(Dataset entries)
· · ·

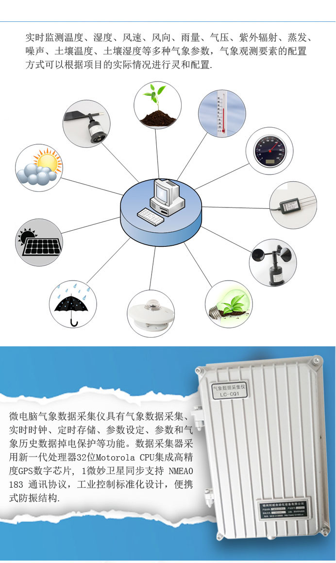 2、微電腦氣象數(shù)據(jù)采集儀具有氣象數(shù)據(jù)采集、實(shí)時(shí)時(shí)鐘、定時(shí)存儲(chǔ)、參數(shù)設(shè)定、參數(shù)和氣象歷史數(shù)據(jù)掉電保護(hù)等功能。數(shù)據(jù)采集器采用新一代處理器32位Motorola CPU集成高精度GPS數(shù)字芯片, 1微妙衛(wèi)星同步支持 NMEA0183 通訊協(xié)議,主動(dòng)型陶瓷天線讓定位更為精準(zhǔn),通過氣象監(jiān)測(cè)軟件可以準(zhǔn)確定位查看監(jiān)測(cè)區(qū)域的氣象環(huán)境數(shù)據(jù),方便于移動(dòng)觀測(cè)氣象數(shù)據(jù),工業(yè)控制標(biāo)準(zhǔn)化設(shè)計(jì),便攜式防振結(jié)構(gòu),漢字液晶鍵盤人機(jī)界面,使用先進(jìn)的雙屏顯示技術(shù),主屏顯示實(shí)時(shí)氣象數(shù)據(jù)信息,輔屏顯示地理狀況信息包括方位、高度、天氣預(yù)報(bào)資料等等,人機(jī)界面友好,便于現(xiàn)場實(shí)時(shí)查看氣象分析數(shù)據(jù),無需外接電腦終端設(shè)備。
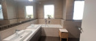 - Geräumiges Tageslicht-Badezimmer mit Badewanne, Dusche, Doppelwaschbecken und WC
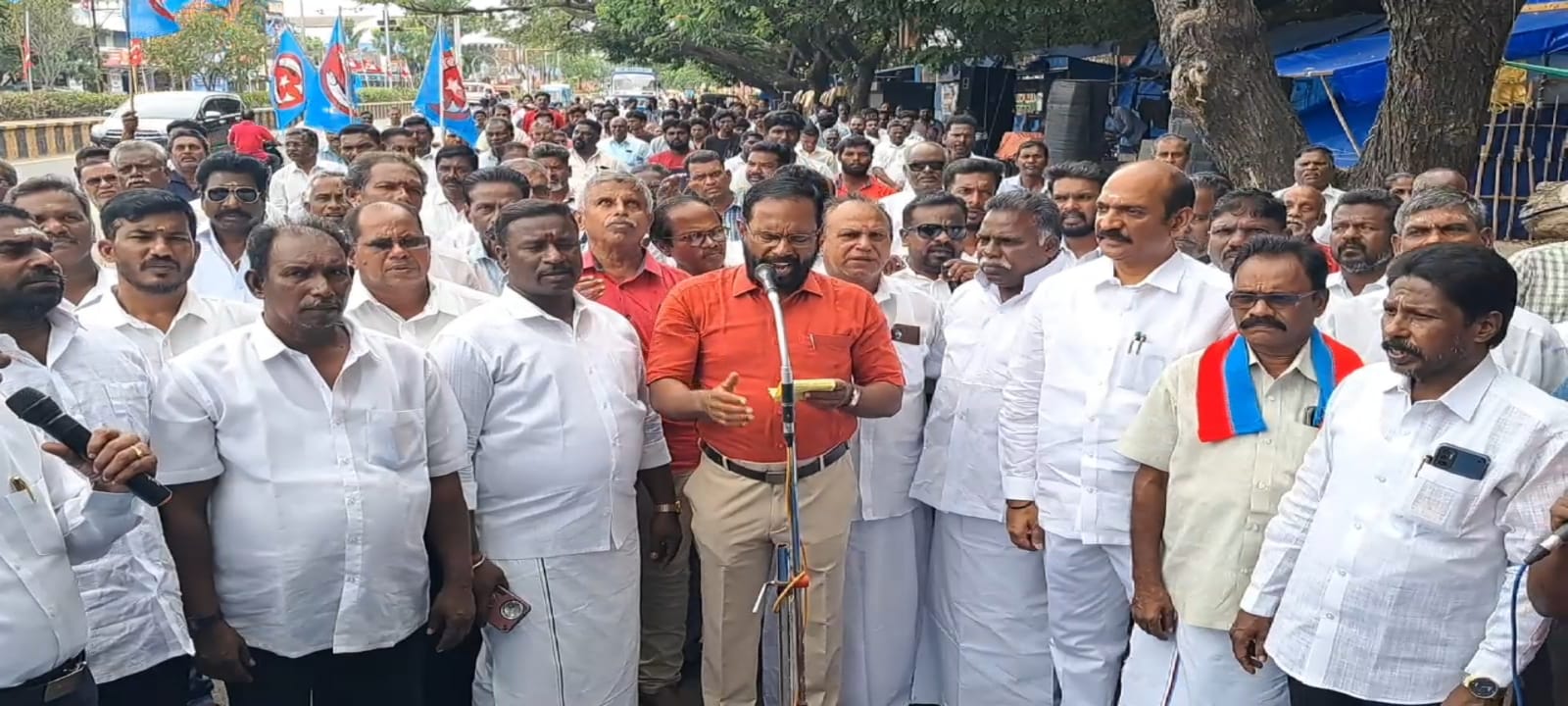 சட்டமன்ற காங்கிரஸ் தலைவர் வைத்தியநாதன் எம்எல்ஏ ஆர்ப்பாட்டத்தை துவக்கி வைக்க தமிழ் மீனவர் விடுதலை வேங்கைகள் அமைப்பாளர் மங்கையர் செல்வன்,
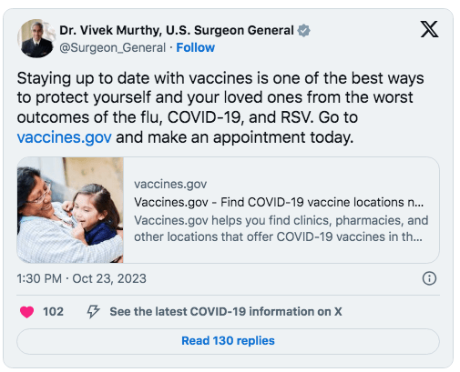 Surgeon General Vivek Murthy has barely acknowledged COVID vaccines in the past month, instead focusing on mental health, which research as recently as September has concluded was worsened by COVID policies. As with other federal officials, Murthy appears more likely to encourage vaccination in general than for COVID specifically.
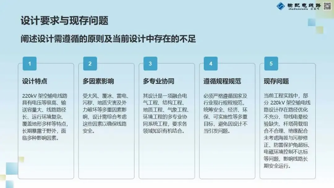 220kV架空输电线路作为区域电网的核心枢纽,承担着省网与地市电网互联、大型电源点电力外送、负荷中心供电的关键职能,其设计质量直接关系电力系统安全稳定运行,影响工程全生命周期的经济效益、环境效益及运维安全性。当前,部分工程设计中存在规程执行不到位、关键指标把控不严格、设计偏差等问题,易引发线路闪络、倒塔、断线等安全隐患,影响电网可靠供电。

· · ·

### Directions
In the records above, the lines from the one containing "- Geräumiges Tageslicht-Badezimmer" through the last line are to be written out exactly, both ends included and pictures omitted.

### Exercise answer
 - Geräumiges Tageslicht-Badezimmer mit Badewanne, Dusche, Doppelwaschbecken und WC
 சட்டமன்ற காங்கிரஸ் தலைவர் வைத்தியநாதன் எம்எல்ஏ ஆர்ப்பாட்டத்தை துவக்கி வைக்க தமிழ் மீனவர் விடுதலை வேங்கைகள் அமைப்பாளர் மங்கையர் செல்வன்,
 Surgeon General Vivek Murthy has barely acknowledged COVID vaccines in the past month, instead focusing on mental health, which research as recently as September has concluded was worsened by COVID policies. As with other federal officials, Murthy appears more likely to encourage vaccination in general than for COVID specifically.
 220kV架空输电线路作为区域电网的核心枢纽,承担着省网与地市电网互联、大型电源点电力外送、负荷中心供电的关键职能,其设计质量直接关系电力系统安全稳定运行,影响工程全生命周期的经济效益、环境效益及运维安全性。当前,部分工程设计中存在规程执行不到位、关键指标把控不严格、设计偏差等问题,易引发线路闪络、倒塔、断线等安全隐患,影响电网可靠供电。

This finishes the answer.